Monday, February 8, 2010

The Role of Nations

When I think about the future, I often imagine a world where the traditional roles of nations have trickled away to be replaced by allegiances formed by interests, not geography. There are strong trends that point in this direction. Even now, many companies have become global conglomerates, their scope well beyond the limits of any borders. Look at the EU. Countries which for much of the last millenia were constantly at war with each other, have now opened their borders to each other and share in a common currency.

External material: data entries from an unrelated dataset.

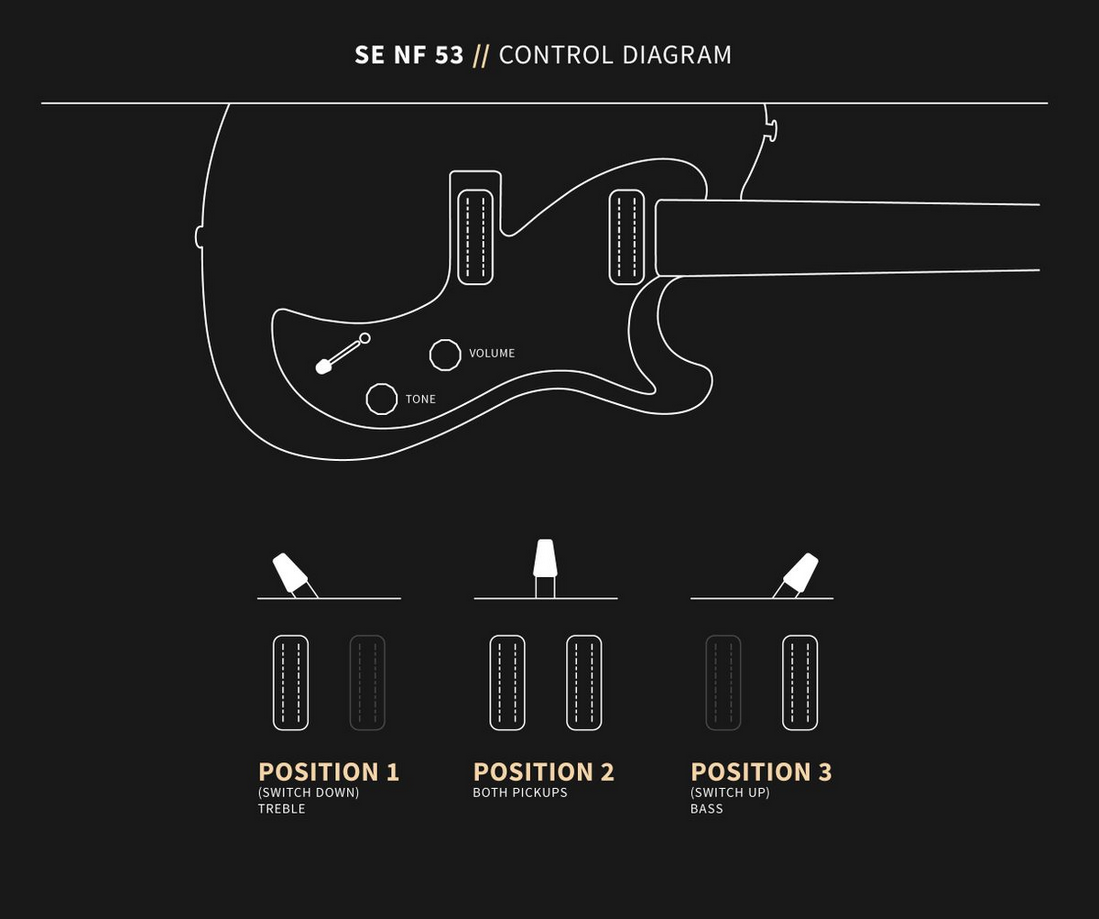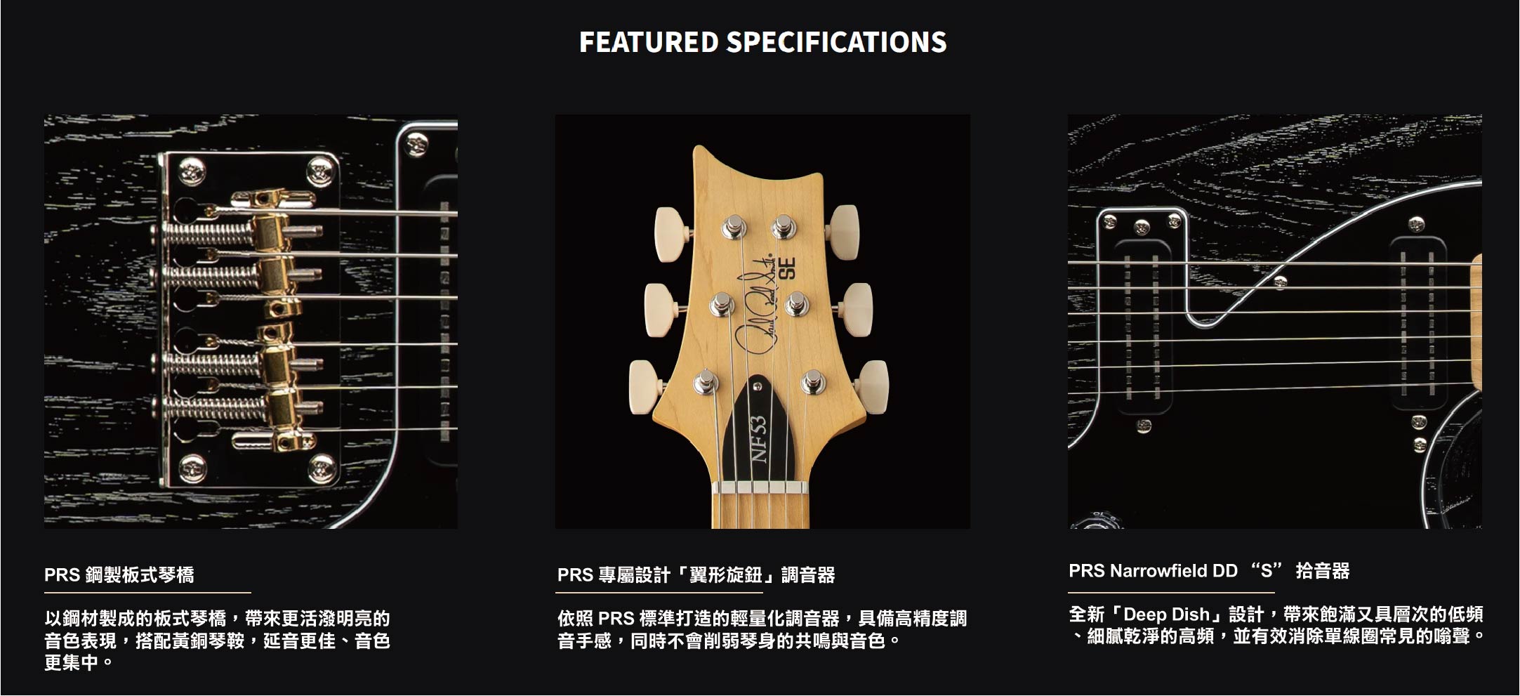 搭配 音量、音色旋鈕與 三段式切換開關,玩家能輕鬆調出理想音色。最後,採用 鋼製琴橋搭配黃銅桶型弦鈕,讓 PRS SE NF 53 的音色更活潑、共鳴更強烈。
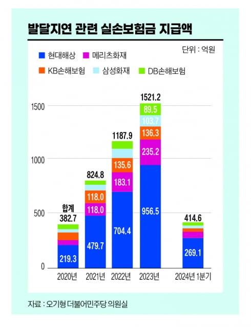 코로나19 확산 기간에 영유아 발달지연 문제가 심각해지면서 주요 손해보험사들이 지급한 관련 보험금 규모가 커지고 있다. 어린이보험 점유율 1위인 현대해상이 지급한 발달지연 관련 실손 지급액은 2020년 219억원에서 2023년 956억원으로 뛰었다.
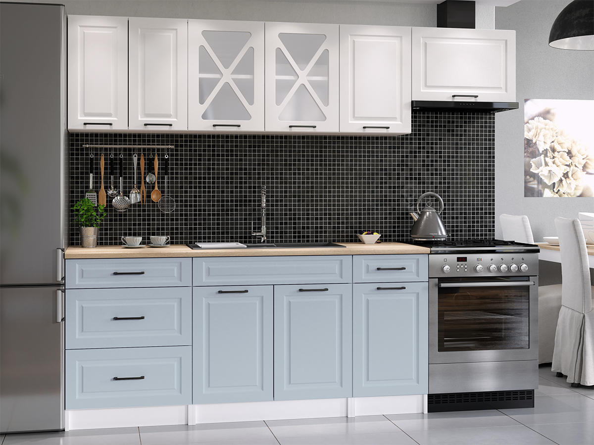 FRONTI Kuchyňská linka MARGID 240cm - Bílá + denim
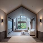 The design of guest rooms also responds to the precondition of large clearance and depth. Three themes- the “Cozy House”, the “Gallery Room”, and "Party in the woods" are designed for guests in creating a scale of intimacy and comfort. The “Cozy House” is divided from the front to the back into three zones connected by an extending pitch roof. The zone adjacent to facade is planned as "the fourth space". It is designed as an inserted functional “house” that can be transformed into themed typologies of teahouse, fitness club, kid’s room, home theater, etc.
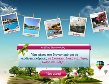 Το ekdromi.gr διοργανώνει διαγωνισμό και σας δίνει τη δυνατότητα να κερδίσετε 5 πακέτα διαμονής με 3 διανυκτερεύσεις στη Σκόπελο, στο Διακοπτό, στην Τήνο, στην Άνδρο και στη Νάξο.

Even as individuals, we often find ourselves traveling between countries almost at will. More importantly, we communicate with individuals in other countries at will. You can Skype with a stranger in Russia just as easily (or more so for some) as you can approach someone at the corner coffee shop. The associations with which we identify ourselves can align by interest rather than geography. How many facebook groups can you join? Also, this is just the beginning of a trend. Who knows what will happen?

For instance, you usually rely on your local government for services (like police, fire, etc.). But some things are privatized like car insurance and health insurance. Now many of those companies are international companies. So you could be under the same insurance umbrella as someone in Germany. In fact, it is very likely that in some ways, you are already under the same financial umbrella (those banks are BIG).

And then there's the counterpoint: geopolitics.

I recently picked up a book called The Next 100 Years by George Friedman. Now any book that is a prediction of the next 100 years doesn't sound like it should be in the NON-fiction section, but in the 10% of the book I glanced through, I did get a good sense for how he thought, and the method he was using to make predictions. Primarily he thinks of the world as nations that make limited decisions based on protecting their national interests in the context of the global environment. It's quite different than my own approach, and thus, quite fascinating to me.

From his standpoint, the next century will be "much like the last one" except in every detail. There will be wars (US vs Japan, Turkey, and then Mexico this time) due to the inherent conflict of interests between the powers of the world. Meanwhile, I tend to believe that the next century or two will begin to alter the paradigm of history and hope that our pattern of global warfare will change.

Whether you believe his predictions or not, I think the book is worth a quick read through. His central thesis that the U.S. is and will continue to be the dominant superpower throughout the next century is certainly an interesting (and very probable) stance. In this viewpoint, things like military power, geography, and control of both the Pacific and Atlantic trade routes figure more importantly than any possibly political action. In particular, he gives a great analogy of how the US is like an adolescent, just starting to grow into its power, and clumsy and insecure as it does so. If the US is truly only beginning to reach its dominance, that gives us, the citizens of the most powerful nation in the world, the opportunity to have a dramatic impact on the rest of the world, hopefully for better rather than for worse.